Inspiration
Google's NotebookLM showed that AI can turn documents into engaging audio summaries. But audio alone misses a dimension — when learning about orbital mechanics or protein folding, you want to see it. I wanted to combine the best of both: rich interactive visuals with real-time voice conversation, where the AI doesn't just narrate but actively controls what you see.
What it does
Narluga takes any content source — websites, YouTube videos, text notes, or uploaded files — and transforms them into fully interactive, animated SVG diagrams. Then it lets you have a live voice conversation with an AI agent that understands and manipulates the diagram in real time.

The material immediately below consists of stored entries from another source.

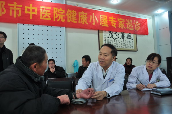 1月23日,市中医院高社光健康小屋专家团队,在院长高社光的带领下深入到华冶社区巡诊,当日,部分患者和专家就健康小屋工作接受了邯郸电视台两会走基层栏目的专访。上图为名中医高社光正在为患者把脉、问诊。(苏希国)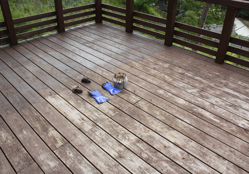 なお、我が家では念のため、作業前日にウッドデッキを水洗いし、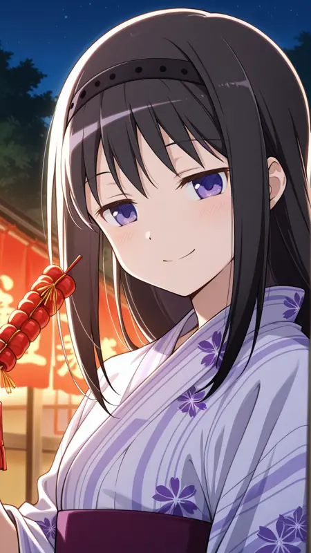akemi homura, black hair, long hair, purple eyes, hairband, red hairband, sidelocks,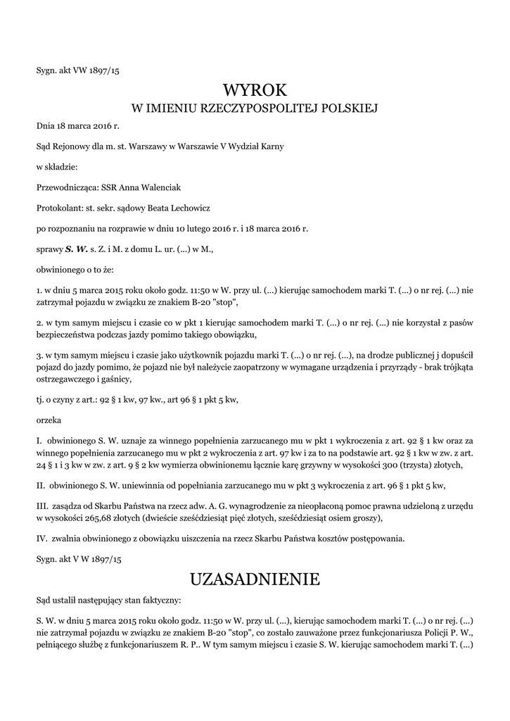 Sygn. akt VW 1897/15 WYROK W IMIENIU RZECZYPOSPOLITEJ POLSKIEJ Dnia 18 marca 2016 r. Sąd Rejonowy dla m. st. Warszawy w Warszawie V Wydział Karny w składzie: Przewodnicząca: SSR Anna Walenciak Protokolant: st. sekr. sądowy Beata Lechowicz po rozpoznaniu na rozprawie w dniu 10 lutego 2016 r. i 18 marca 2016 r. sprawy S. W. s. Z. i M. z domu L. ur. (...) w M., obwinionego o to że: 1. w dniu 5 marca 2015 roku około godz. 11:50 w W. przy ul. (...) kierując samochodem marki T. (...) o nr rej. (...) nie zatrzymał pojazdu w związku ze znakiem B-20 "stop", 2. w tym samym miejscu i czasie co w pkt 1 kierując samochodem marki T. (...) o nr rej. (...) nie korzystał z pasów bezpieczeństwa podczas jazdy pomimo takiego obowiązku, 3. w tym samym miejscu i czasie jako użytkownik pojazdu marki T. (...) o nr rej. (...), na drodze publicznej j dopuścił pojazd do jazdy pomimo, że pojazd nie był należycie zaopatrzony w wymagane urządzenia i przyrządy - brak trójkąta ostrzegawczego i gaśnicy, tj. o czyny z art.: 92 § 1 kw, 97 kw., art 96 § 1 pkt 5 kw, orzeka I. obwinionego S. W. uznaje za winnego popełnienia zarzucanego mu w pkt 1 wykroczenia z art. 92 § 1 kw oraz za winnego popełnienia zarzucanego mu w pkt 2 wykroczenia z art. 97 kw i za to na podstawie art. 92 § 1 kw w zw. z art. 24 § 1 i 3 kw w zw. z art. 9 § 2 kw wymierza obwinionemu łącznie karę grzywny w wysokości 300 (trzysta) złotych, II. obwinionego S. W. uniewinnia od popełniania zarzucanego mu w pkt 3 wykroczenia z art. 96 § 1 pkt 5 kw, III. zasądza od Skarbu Państwa na rzecz adw. A. G. wynagrodzenie za nieopłaconą pomoc prawna udzieloną z urzędu w wysokości 265,68 złotych (dwieście sześćdziesiąt pięć złotych, sześćdziesiąt osiem groszy), IV. zwalnia obwinionego z obowiązku uiszczenia na rzecz Skarbu Państwa kosztów postępowania. Sygn. akt V W 1897/15 UZASADNIENIE Sąd ustalił następujący stan faktyczny: S. W. w dniu 5 marca 2015 roku około godz. 11:50 w W. przy ul. (...), kierując samochodem marki T. (...) o nr rej. (...) nie zatrzymał pojazdu w związku ze znakiem B-20 "stop", co zostało zauważone przez funkcjonariusza Policji P. W., pełniącego służbę z funkcjonariuszem R. P.. W tym samym miejscu i czasie S. W. kierując samochodem marki T. (...) o nr rej. (...) nie korzystał z pasów bezpieczeństwa podczas jazdy pomimo takiego obowiązku, lecz zapięty pas miał za sobą, za plecami. S. W. dzierżawił pojazd T. (...), który użytkował od kilku miesięcy. Funkcjonariusz Policji polecił S. W., aby okazał wymagane wyposażenie w postaci trójkąta ostrzegawczego i gaśnicy. S. W. poinformował funkcjonariusza, że nie orientuje się gdzie w pojeździe znajdują się te urządzenia. Funkcjonariusze nie sprawdzili, czy pojazd był wyposażony w te urządzenia. Obwiniony w czasie prowadzenia pojazdu był trzeźwy. S. W. ma 49 lat. Jest żonaty, nie ma małoletnich dzieci na utrzymaniu. Z zawodu jest garmażerem, zarejestrowany jako bezrobotny, deklaruje, ze utrzymuje się z pomocy przyjaciół. Leczył się psychiatrycznie, ma zaburzenia osobowości, poczytalność w czasie czynów nie budzi wątpliwości, z uwagi na zaburzenia osobowości nie jest zdolny do samodzielnej i rozsądnej obrony, /opinia sądowo - psychiatryczna k. 48-49, e-protokół rozprawy z dnia 10.02.2015 r. wyjaśnienia obwinionego, k. 81 - 83/ Powyższy stan faktyczny Sąd ustalił na podstawie: wyjaśnień obwinionego S. W. k. 81 - 83, zeznań świadka: P. W. k. 83-84, zeznań świadka R. P. k. 88-89, n/u k. 1 -2, zlecenia badania k.3, zaświadczenia lekarskiego k.4, oświadczenia k.5, prawa jazdy k.6, zlecenie k. 7, 8, karty rejestracyjnej k.9, n/u k.ll, sprawozdania k.12, protokołu pobrania krwi k.13, pokwitowanie k.14-15, zlecenie badania k.27, opinii sądowo- psychiatrycznej k.48 -60. Obwiniony S. W. k. 81-83, k. 16-17 nie przyznał się do popełnienia zarzucanego mu czynu. Wyjaśnił, że na ul. (...) został zatrzymany przez patrol, który stwierdził, że nie zatrzymał się na zakazie „stop", obwiniony zakwestionował, by policjant mógł go widzieć. Wyjaśnił, że w momencie zatrzymania zaprzeczał, że się tam nie zatrzymał. Obwiniony wyjaśnił, że w czasie kontroli rozpiął pasy bezpieczeństwa. Wyjaśnił, że funkcjonariusz prosił żeby otworzył kufer, wskazał, że gaśnica była w aucie, samochód miał 3 miesiące, wyjaśnił, że nie wiedział gdzie była. Obwiniony wyjaśnił, że policjant poprosił żeby dmuchnął w alkomat, on zaś odmówił. Obwiniony wyjaśnił, że prosił o pobranie i zmierzenie alkoholu we krwi oraz że wskazał, że policja musi pilnować auta jak będzie na badaniu. Wyjaśnił, że zabrano mu prawo jazdy. Obwiniony wyjaśnił, że funkcjonariusz cały czas nalegał żeby przyjął mandat, że auto będzie zholowane, punkty karne zostaną mu nałożone. Obwiniony wskazał, że poinformował, że jego auto nie będzie sholowanej bo drugi samochód będzie pilnował auta jak on pojedzie na badanie. Obwiniony wskazał, ze Policja „czepiała się" do wszystkiego co było możliwe. Obwiniony wyjaśnił, że o pasach rozmowa zaczęła się po 3 minutach oraz że dopiero w czasie trwania rozmowy rozpiął pasy, gdy sięgnął do schowka po dokumenty. Obwiniony wyjaśnił, że nawet nie wiedział gdzie jest trójkąt po otworzeniu kufra oraz że powiedział, że to jest nowe auto i że nie wiem gdzie dokładnie co leży, wyjaśnił, że auto to było z T. (...) użytkowane na podstawie umowy z dzierżawy przez korporację oraz że je dzierżawił od 1 lipca 2014 na rok. Sąd zważył, co następuje: Sąd uznał wyjaśnienia obwinionego w zakresie, w jakim obwiniony nie przyznał się do popełnienia zarzucanych mu w pkt 1 i 2 wniosku o ukaranie, za niewiarygodne, jako sprzeczne z całym wiarygodnym zebranym w sprawie materiałem dowodowym, w szczególności z zeznaniami naocznego świadka wykroczeń polegających na niezastosowaniu się do znaku B

During conversation, the AI autonomously uses six tools: highlight elements with glow effects, click buttons to toggle animations, modify visual properties (scale, color, opacity), navigate to sections, zoom in/out, and fetch supplementary information via Google Search. It decides when and how to use these tools as it speaks — no manual prompting needed.
How we built it
- Gemini 3.1 Pro generates the interactive SVG diagrams from aggregated source content
- Gemini 2.5 Flash Native Audio powers real-time bidirectional voice conversation with built-in voice activity detection and function calling
- Google Search grounding provides fact-checking and supplementary information during conversation
- FastAPI + WebSocket backend handles audio streaming, source aggregation (web scraping, YouTube transcripts via Supadata API), and tool call orchestration
- React + TypeScript frontend with Web Audio API and AudioWorklet for PCM audio capture/playback
- Generated graphics run in sandboxed iframes with strict Content Security Policy for isolation
- Deployed on GCP e2-micro VM (Docker + Caddy auto-SSL) with Firebase Hosting, Cloud Firestore, and Firebase Auth
- Fully automated deployment via four idempotent bash scripts
Challenges we ran into
- Interval stacking bug: Gemini-generated play/pause toggles sometimes created new
setIntervalcalls without clearing old ones, causing animations to speed up uncontrollably. Solved with a monkey-patchedsetInterval/clearIntervalthat tracks all intervals globally and force-clears them before each toggle. - Tool call reliability: The native audio model sometimes confused
highlight_elementwithclick_elementwhen targeting buttons, and occasionally double-toggled animations in a single response. Built three backend safeguards: auto-correction (highlight on button keywords → click), batch deduplication, and a 3-second cross-response cooldown per element. - Interruption coordination: When users interact with the diagram mid-conversation, three things must happen simultaneously — clear the frontend audio queue, signal Gemini to stop generating (
turn_complete=False), and flush in-transit audio chunks. Getting the timing right required distinguishing "actionable" tool calls (always execute) from "cosmetic" ones (skip during interruption). - Reconnection latency: Fresh WebSocket + Gemini handshake took 5-7 seconds. Solved by keeping the WebSocket alive across conversation sessions and only closing the Gemini session on "End Conversation," cutting subsequent starts to ~3 seconds.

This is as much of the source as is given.